The Rabat Plan of Action: A Compass for Legal Clarity
Crafted in 2012 by the UN Office of the High Commissioner for Human Rights, the Rabat Plan of Action serves as a guide for understanding the limits of state responsibilities under Article 20 of the ICCPR. It’s a roadmap for distinguishing between expression that’s protected and that which infringes on the rights of others. This plan offers a comprehensive six-part threshold test, taking into account critical factors like the intention of the speaker, the context, and the potential harm caused by the speech.

In Sri Lanka, the Human Rights Commission recognizes Section 3 of the ICCPR Act No. 56 of 2007 as a vital legal framework to tackle hate crimes. Yet, the absence of a definitive local jurisprudence has led the Commission to draw insights from Article 20 of the ICCPR—the parent article to which Section 3 of the ICCPR Act imparts domestic effect. The pivotal components of Article 20 (2) are two-fold: the advocacy of national, racial, or religious hatred, and the incitement to discrimination, hostility, or violence.

One fundamental aspect to consider is that Article 20 should be read in conjunction with Article 19 of the ICCPR, which champions the right to freedom of expression. This interplay underscores the compatibility between the two articles. The ICCPR General Comment No. 111 highlights this harmony, asserting that the prohibition required by Article 20 is in alignment with the freedom of expression protected by Article 19.

The Rabat Plan of Action, born out of a four-year initiative by the UNOHCHR, introduces a six-part threshold test to ascertain whether advocacy crosses into the realm of incitement. This test, crafted through expert workshops, provides an analytical framework for evaluating the forms of advocacy that constitute incitement under Article 20. It embraces elements like the context surrounding the speech, the speaker’s authority, and the speaker’s intent.

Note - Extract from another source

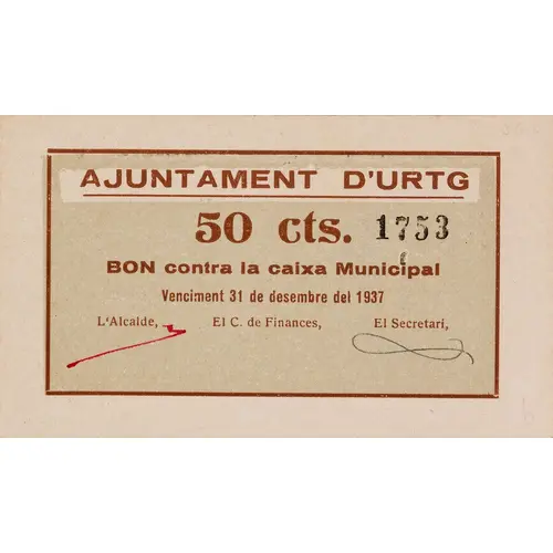 AJUNTAMNENT D`URTG 50 cts. BON contra la caixa Municipal Venciment 31 de desembre del 1937 (Translation: City Council of Urtg 50 Centimos Bond against the Municipal Fund Expiration December 31, 1937) |
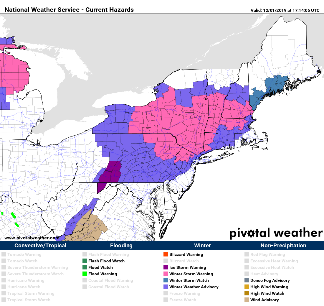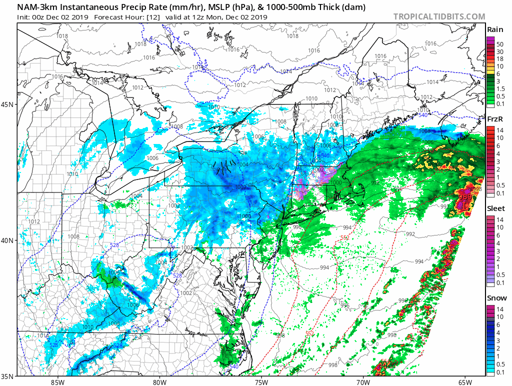 Low pressure will move into the Great Lakes today, with a frontal system extending eastward to the Mid-Atlantic coastline. This will keep us on the cold side, but warmer air will move in aloft. When you have warm air aloft, cold air below, and precipitation, you get sleet or freezing rain, depending on how thick the layers of warm and cold air are. For today, we’re looking at freezing rain across the higher elevations of Worcester County up into the Monadnocks, with a mix of sleet and some freezing rain from southern New Hampshire into the Merrimack Valley and interior portions of eastern Massachusetts. This will result in significant travel problems, not to mention the potential for tree and power line damage. For the rest of our area (mainly south and east of I-95), warmer air moving in off the ocean will keep temperatures above freezing, so it’ll be just another rainy, but chilly, Monday.

Among the key elements of the threshold test, intent takes centre stage. It’s not enough for the speech to merely advocate hatred; there must be a deliberate intent to incite discrimination, hostility, or violence. The context in which the speech occurs also plays a pivotal role. If the speaker wields authority or influence over the audience, their words carry more weight. The concept of imminent harm comes into play, signifying that the likelihood of incitement causing immediate harm should be reasonable.

The Colombo High Court’s acknowledgement of the Rabat Plan of Action during Edirisooriya’s case elevated the legal discourse in Sri Lanka. The court’s analysis spotlighted the fact that hate speech must pose an immediate threat of hostility or violence to be deemed actionable.

While this landmark case showcased the potential of applying the Rabat framework in the nation’s courts, the burning question remains—will this approach find consistent footing when the next case involving hate speech emerges? To ensure the lasting impact of such a progressive approach, a concerted effort must be made to educate legal practitioners, judges, and the public about the nuances of the Rabat Plan.

In this narrative, society stands as a pivotal character—a collective consciousness that needs nurturing. Encouraging dialogue, diversity of thought, and an ethos of empathy can be instrumental in bridging the gap between these dualistic rights.

Only by fostering a deep understanding and unwavering commitment can we truly kindle the flame of change, igniting a future where the boundaries of free expression and hate speech are navigated with precision and compassion. As judges wield their gavels, they must bear in mind that hate speech, while offensive, does not necessarily warrant legal action unless it poses a credible threat of hostility or violence. This sophisticated balance will not only protect freedom of expression but also maintain the social fabric that is a hallmark of Sri Lankan identity.